Die musikalische Leitung dieser Opernstudioproduktion hat Claire Levacher, die 2017 die Musiktheater-Uraufführung To the Lighthouse bei den Bregenzer Festspielen dirigierte. Bühnenbild und Kostüme stammen von Camilla Hägebarth, es spielt das Symphonieorchester Vorarlberg, es singt der Kinderchor der Musikmittelschule Bregenz-Stadt.

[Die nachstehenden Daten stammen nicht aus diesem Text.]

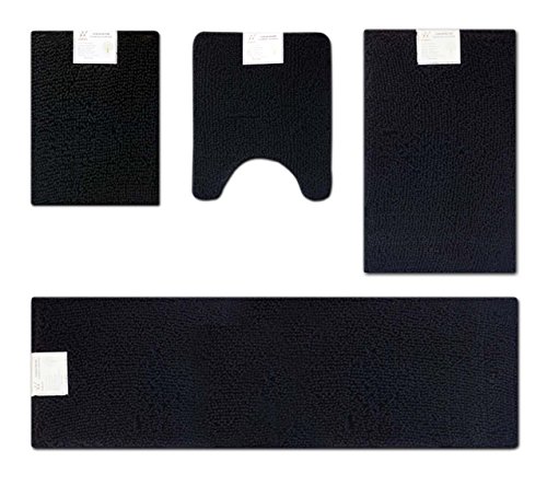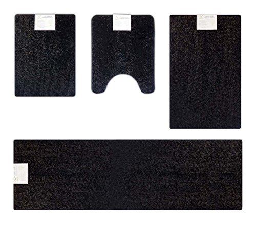 Verxii Home Memory Foam Luxury | No-Slip Soft Shaggy Bath Floor Mat Set | Multiple Choice (4-PCS Combo, Solid Black))

Das 2015 von Elisabeth Sobotka gegründete Festspiel-Opernstudio möchte jungen Sängern und Sängerinnen ideale Bedingungen bieten, um sich professionell entwickeln zu können. Bereits im Frühjahr waren sie Teil der von Kammersängerin Brigitte Fassbaender geleiteten Meisterklasse. Komponist Jules Massenet schuf gemeinsam mit drei Textdichtern seine musikalische Version von Werther basierend auf Goethes Briefroman. Diese große romantische Oper wurde 1892 in Wien uraufgeführt und stellt ein Bravourstück des Opernrepertoires dar, dem sich nun die sieben jungen Sängerinnen und Sänger des achten Festspiel-Opernstudios annehmen.

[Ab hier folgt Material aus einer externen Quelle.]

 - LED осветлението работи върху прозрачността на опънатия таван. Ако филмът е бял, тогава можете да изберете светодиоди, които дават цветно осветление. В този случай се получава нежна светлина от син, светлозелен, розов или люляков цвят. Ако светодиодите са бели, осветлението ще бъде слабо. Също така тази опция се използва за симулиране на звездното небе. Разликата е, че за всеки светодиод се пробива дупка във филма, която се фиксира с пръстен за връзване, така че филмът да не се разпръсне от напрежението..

Von der Geisha zur Aktivistin: Die Judith von Shimoda
Was zunächst nach einer Abwandlung der Handlung von Madame Butterfly aussieht, basiert in Wahrheit auf einem 1940 veröffentlichten Theaterstück von Bertolt Brecht: Eine Geisha dient einem US-amerikanischen Konsul in Japan. Fabián Panisello, argentinisch-spanischer Komponist, verarbeitete diesen Stoff mit Die Judith von Shimoda nun zu einer Oper in zwei Teilen, die am 17. August ihre Uraufführung auf der Werkstattbühne der Bregenzer Festspiele feiert. Koproduzent des Auftragswerks ist die Neue Oper Wien.

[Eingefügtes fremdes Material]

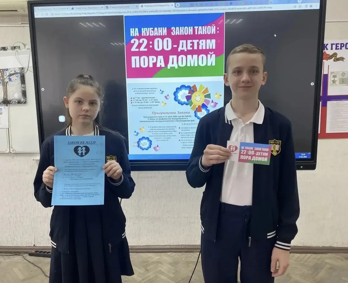 Сегодня, 17 февраля, в МБОУ СОШ № 11 имени Ф.Ф. Ушакова прошли классные часы, посвящённые вопросам соблюдения закона Краснодарского края № 1539. 🛡️

Die Inszenierung hat vor rund einem Monat kurzfristig Carmen C. Kruse von Philipp M. Krenn übernommen, der aus privaten Gründen die Regietätigkeit absagen musste. „Einerseits gibt es Ähnlichkeiten zum Stoff von Madame Butterfly, andererseits setzt sich Die Judith von Shimoda intensiver mit den Auswirkungen von Patriarchat und Gendergewalt auf die gesamte Gesellschaft auseinander und begegnet dem Thema mit Respekt, Ernsthaftigkeit und Humor. Und auch das Ende ist ein anderes“, sagt die in Kärnten und Hamburg aufgewachsene Regisseurin und Stückentwicklerin. Ausstatterin Susanne Brendel habe dazu einen Seelenraum entwickelt, in dem die Musik durch Videos ergänzt werde.
Die Inszenierung stellt die Figur der Okichi in den Mittelpunkt, die über einen Zeitraum von 20 Jahren von einer Geisha zur Aktivistin, zur Künstlerin wird. „Okichi ist eine vielschichtige Frauenfigur, die trotz den Widrigkeiten des Lebens an ihren Werten festhält und immer wieder Stärke findet. Frauenrechte spielen eine große Rolle, inspiriert durch aktuelle Künstlerinnen wie Pussy Riot“, erläutert Carmen C. Kruse.
Die musikalische Leitung hat Walter Kobéra, Intendant der Neuen Oper Wien. Für Bühne, Kostüme und Video zeichnet Susanne Brendel verantwortlich, für das Licht ist Norbert Chmel verantwortlich. Es singt der Wiener Kammerchor, es spielt das amadeus ensemble-wien.
Madame Butterfly: Restkarten verfügbar
Das Spiel auf dem See wird inklusive der Seebühnen-Vorstellung heute an 18 Abenden rund 125.000 Menschen (inklusive Generalprobe und Young People's Night) in seinen Bann gezogen haben, sofern heute keine Wetterabsage erfolgt. Madame Butterfly steht danach noch an weiteren acht Spielterminen auf dem Programm. Tickets sind in einigen Kategorien noch verfügbar.